Copy the data that follows, character for character, minus the pictures.

------------------------------------

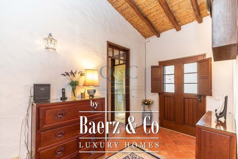 A charming detached and spacious 3 double bedroom property built in the early 1990´s in the style of a traditional Quinta enjoying an elevated position with sweeping views of the surrounding Algarve Countryside and enjoying close proximity to the bustling town of Sao Bras de Alportel. Built in the early 1990s in the style of a traditional Portuguese Quinta this charming and spacious south-facing property set in the beautiful Algarve countryside just outside the bustling town of Sao Bras de Alportel, enjoys an elevated position with sweeping views of the valley surrounding the property. The Quinta benefits from many original features: traditional Santa Catarina tiled floors throughout the interior and to all the terracing, high ceilings with cane and beam, a large south-facing veranda, and sympathetic planting schemes around the house which include lovely large olive pots. A spacious terrace around the swimming pool with an outside kitchen and BBQ area offers a perfect area for entertaining. The Algarve Coast and Faro International Airport are within a half an hour's drive. Arrive through the gates and the calcada paved driveway leads down to an area with ample parking outside the house and the double garage. Follow the terrace around the house and enter through the front door you will find the hallway and off the hallway are the three double bedrooms, one of which with en-suite shower room and two of which benefit from double doors out to the veranda. In addition, a family shower room with a linen cupboard and guest cloakroom are located next to the bedrooms. Turn down the hallway in the other direction, leading to the spacious L-shaped sitting room/dining room with two sets of double doors out to the terracing and a wood burner. From the dining area walk into the fully fitted kitchen with granite worktops and splash back and a door to the outside. The south-facing and large veranda offers a wonderful place to sit and relax and enjoy the views: a perfect place for alfresco dining and to watch the sun go down. Follow the terracing around the house and steps lead down to the spacious swimming pool terrace benefiting from an outside covered kitchen area with BBQ, a food preparation area with sink, water and electric sockets and lights. The pool which is 10 x 5 metres at its maximum point benefits from an independent solar run pump with mains backup. Below the swimming pool terrace is the pump room for the pool and additional storage. The further benefit of the Quinta are rooms on the same level as the swimming pool terrace. A large laundry room and two further rooms, one of which benefits from double doors to the terrace and another with a side door to the outside. There is also a shower room. This whole area, with the benefit of refurbishment, offers many possible options to further utilise this space. The double garage houses solar panels and a storage battery that provide some power to the house. There is a large storage room and a large log store to the back of the garage area. Three outhouses provide further storage, including gas bottles for the kitchen, and plant including the pressure pump, water softener and timer controls for an automatic garden irrigation system. The Quinta's main level benefits from air conditioning throughout, radiators throughout that run off an ionising electric boiler, good storage throughout, double glazing, traditional shutters and mosquito blinds. The property has mains water, borehole, cistern and fosa. A main solar bank is set up that feeds power directly back to EDP and generates an income of up to 160 per month This property is presented by Quintas and Casas, voted the best boutique real estate agency in Portugal in 2024.
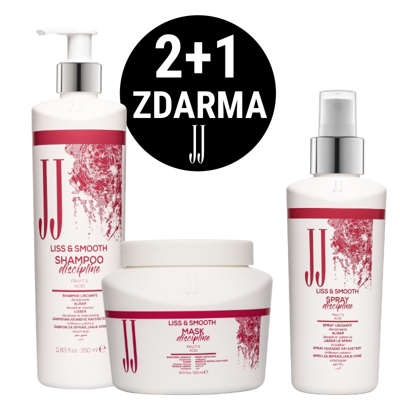 Akce 2+1 zdarma! Začněte péči o své vlasy s JJ Liss & Smooth a užijte si krásné, hladké a lesklé vlasy! K nákupu vyhlazující masky JJ Liss & Smooth 500 ml a vyhlazujícího spreje JJ Liss & Smooth 150 ml získáte zdarma šampon JJ Liss & Smooth 350 ml. JJ Liss & Smooth je určena pro neposlušné a nezkrotné vlasy, které toužíte uhladit a zkrotit. Tato řada obsahuje ovocné kyseliny, které mají schopnost uzavírat kutikuly vlasů a vyhlazovat jejich strukturu. Péče eliminuje nepříjemné krepatění a dodává vlasům lesk a hebkost.
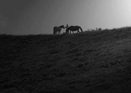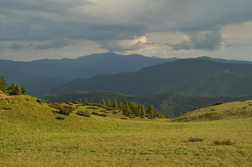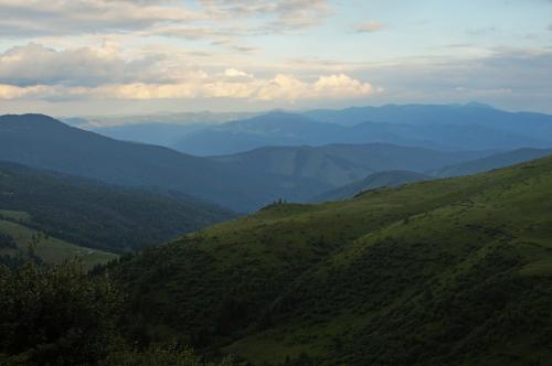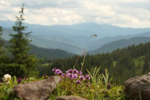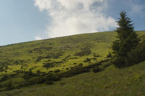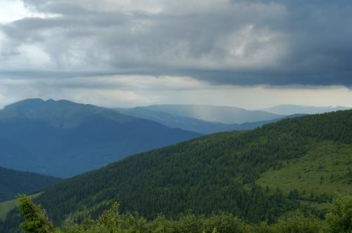 Рядом с Говерлой находится не менее значимая гора Петрос(чортова гора). На наличие чертей лучше всего проверять зимой, когда вьюги и метели. Между Говерлой и Петросом небольшой перевал, если уйти по тропинке вправо, то попадешь скорее всего в село, расположенное далеко в долине. Я пошел влево по траверсу горы. Тропинка тянется несколько километров до перевала на Квасы и дальше. По левую сторону пейзажи до Румынии, по правую склон хребта. Прогулка запомнилась тремя событиями.
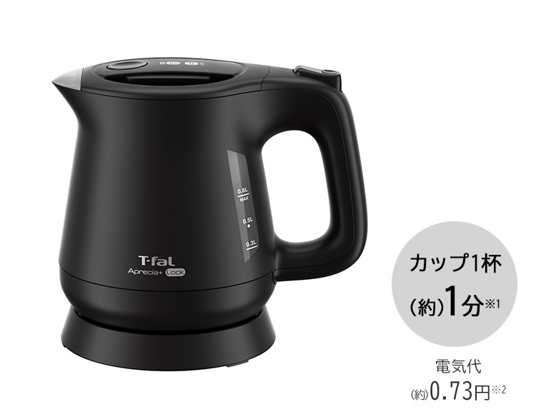 カップ1杯(約)1分でスピード沸騰。電気代(約)0.73円。*沸騰時間、電気代共にカップ1杯(140ml)の場合
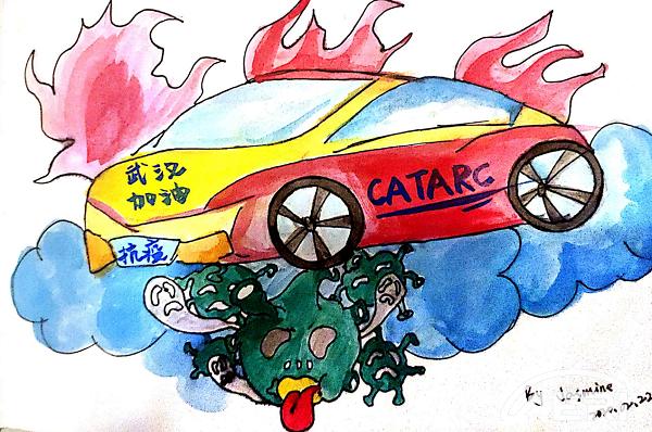 畫作以汽車象征“CATARC”全體員工,疫情當前,全員戰“疫”,展現央企擔當。

------------------------------------

▶ **Exercise solution**
 A charming detached and spacious 3 double bedroom property built in the early 1990´s in the style of a traditional Quinta enjoying an elevated position with sweeping views of the surrounding Algarve Countryside and enjoying close proximity to the bustling town of Sao Bras de Alportel. Built in the early 1990s in the style of a traditional Portuguese Quinta this charming and spacious south-facing property set in the beautiful Algarve countryside just outside the bustling town of Sao Bras de Alportel, enjoys an elevated position with sweeping views of the valley surrounding the property. The Quinta benefits from many original features: traditional Santa Catarina tiled floors throughout the interior and to all the terracing, high ceilings with cane and beam, a large south-facing veranda, and sympathetic planting schemes around the house which include lovely large olive pots. A spacious terrace around the swimming pool with an outside kitchen and BBQ area offers a perfect area for entertaining. The Algarve Coast and Faro International Airport are within a half an hour's drive. Arrive through the gates and the calcada paved driveway leads down to an area with ample parking outside the house and the double garage. Follow the terrace around the house and enter through the front door you will find the hallway and off the hallway are the three double bedrooms, one of which with en-suite shower room and two of which benefit from double doors out to the veranda. In addition, a family shower room with a linen cupboard and guest cloakroom are located next to the bedrooms. Turn down the hallway in the other direction, leading to the spacious L-shaped sitting room/dining room with two sets of double doors out to the terracing and a wood burner. From the dining area walk into the fully fitted kitchen with granite worktops and splash back and a door to the outside. The south-facing and large veranda offers a wonderful place to sit and relax and enjoy the views: a perfect place for alfresco dining and to watch the sun go down. Follow the terracing around the house and steps lead down to the spacious swimming pool terrace benefiting from an outside covered kitchen area with BBQ, a food preparation area with sink, water and electric sockets and lights. The pool which is 10 x 5 metres at its maximum point benefits from an independent solar run pump with mains backup. Below the swimming pool terrace is the pump room for the pool and additional storage. The further benefit of the Quinta are rooms on the same level as the swimming pool terrace. A large laundry room and two further rooms, one of which benefits from double doors to the terrace and another with a side door to the outside. There is also a shower room. This whole area, with the benefit of refurbishment, offers many possible options to further utilise this space. The double garage houses solar panels and a storage battery that provide some power to the house. There is a large storage room and a large log store to the back of the garage area. Three outhouses provide further storage, including gas bottles for the kitchen, and plant including the pressure pump, water softener and timer controls for an automatic garden irrigation system. The Quinta's main level benefits from air conditioning throughout, radiators throughout that run off an ionising electric boiler, good storage throughout, double glazing, traditional shutters and mosquito blinds. The property has mains water, borehole, cistern and fosa. A main solar bank is set up that feeds power directly back to EDP and generates an income of up to 160 per month This property is presented by Quintas and Casas, voted the best boutique real estate agency in Portugal in 2024.
 Akce 2+1 zdarma! Začněte péči o své vlasy s JJ Liss & Smooth a užijte si krásné, hladké a lesklé vlasy! K nákupu vyhlazující masky JJ Liss & Smooth 500 ml a vyhlazujícího spreje JJ Liss & Smooth 150 ml získáte zdarma šampon JJ Liss & Smooth 350 ml. JJ Liss & Smooth je určena pro neposlušné a nezkrotné vlasy, které toužíte uhladit a zkrotit. Tato řada obsahuje ovocné kyseliny, které mají schopnost uzavírat kutikuly vlasů a vyhlazovat jejich strukturu. Péče eliminuje nepříjemné krepatění a dodává vlasům lesk a hebkost.
 Рядом с Говерлой находится не менее значимая гора Петрос(чортова гора). На наличие чертей лучше всего проверять зимой, когда вьюги и метели. Между Говерлой и Петросом небольшой перевал, если уйти по тропинке вправо, то попадешь скорее всего в село, расположенное далеко в долине. Я пошел влево по траверсу горы. Тропинка тянется несколько километров до перевала на Квасы и дальше. По левую сторону пейзажи до Румынии, по правую склон хребта. Прогулка запомнилась тремя событиями.
 カップ1杯(約)1分でスピード沸騰。電気代(約)0.73円。*沸騰時間、電気代共にカップ1杯(140ml)の場合
 畫作以汽車象征“CATARC”全體員工,疫情當前,全員戰“疫”,展現央企擔當。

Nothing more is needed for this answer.